_RECORDED INFORMATION_
- Opening Delimiter -
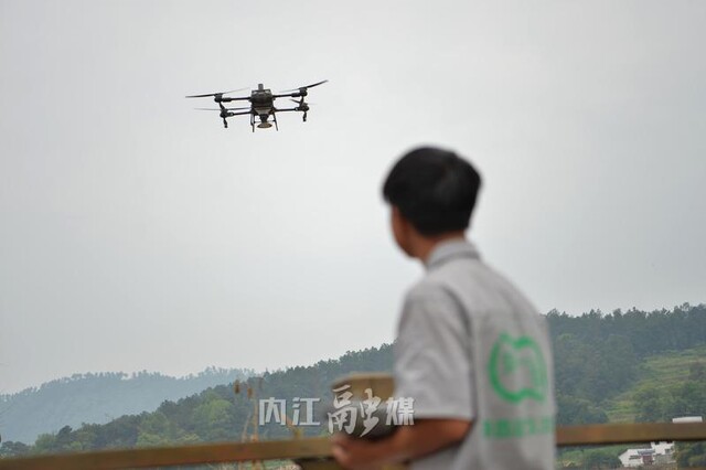“农业飞手”晏吕强在操作农用无人机
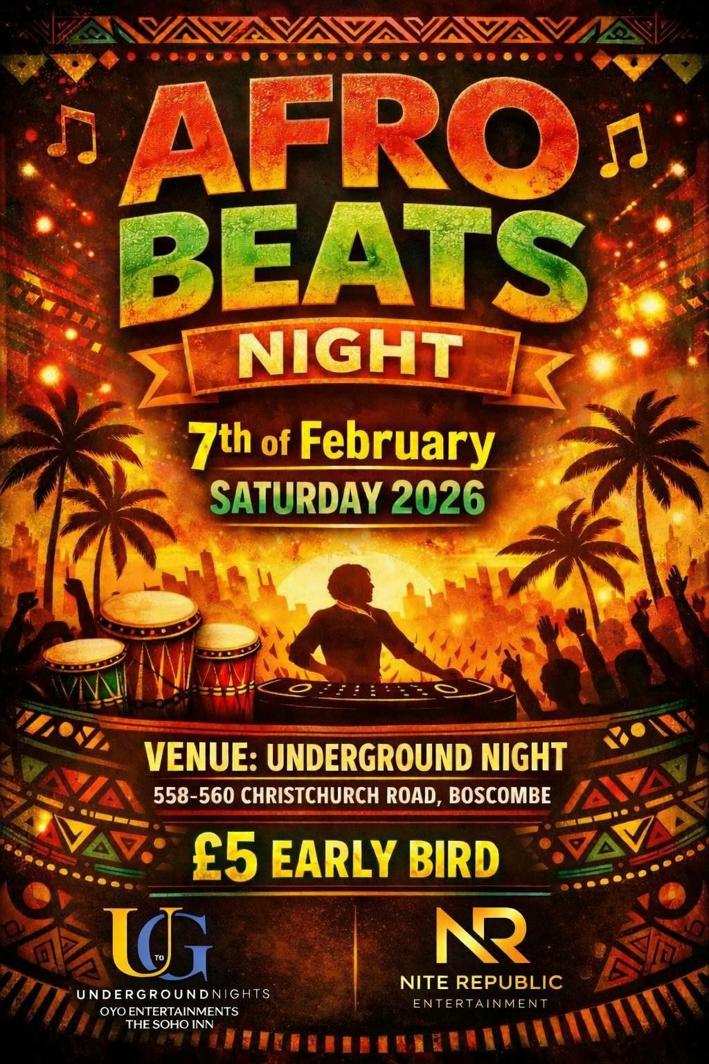 π₯ AFRO BEATS NIGHT π₯π Saturday 7th February 2026
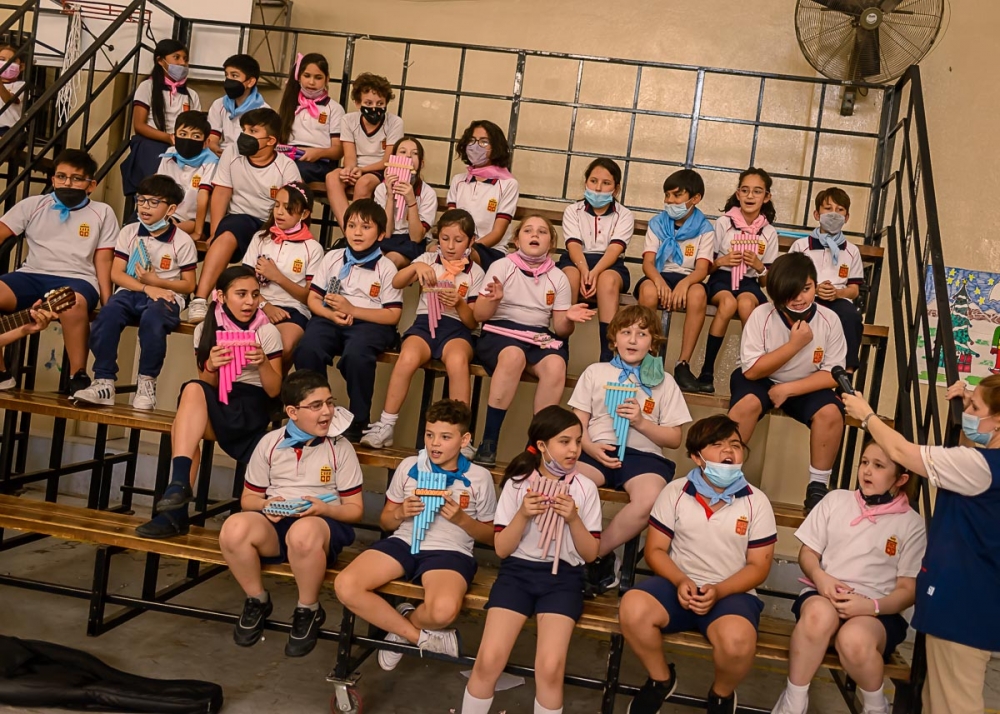 Finalmente, los alumnos de 4° grado junto a sus docentes, Aldana Obeide, Marta Palacios y Guadalupe, nos brindaron un emotivo mensaje de esperanza y amor ante la próxima Navidad; y bajo la dirección del Profe Franco, nos brindaron un hermoso villancico con los instrumentos que ellos mismos confeccionaron. Felicitaciones!!!
- Closing Delimiter -
_YOUR GOAL_
Word-for-word output of the material above is needed, with the pictures left out.

_SOLUTION TO THIS EXERCISE_
“农业飞手”晏吕强在操作农用无人机
 π₯ AFRO BEATS NIGHT π₯π Saturday 7th February 2026
 Finalmente, los alumnos de 4° grado junto a sus docentes, Aldana Obeide, Marta Palacios y Guadalupe, nos brindaron un emotivo mensaje de esperanza y amor ante la próxima Navidad; y bajo la dirección del Profe Franco, nos brindaron un hermoso villancico con los instrumentos que ellos mismos confeccionaron. Felicitaciones!!!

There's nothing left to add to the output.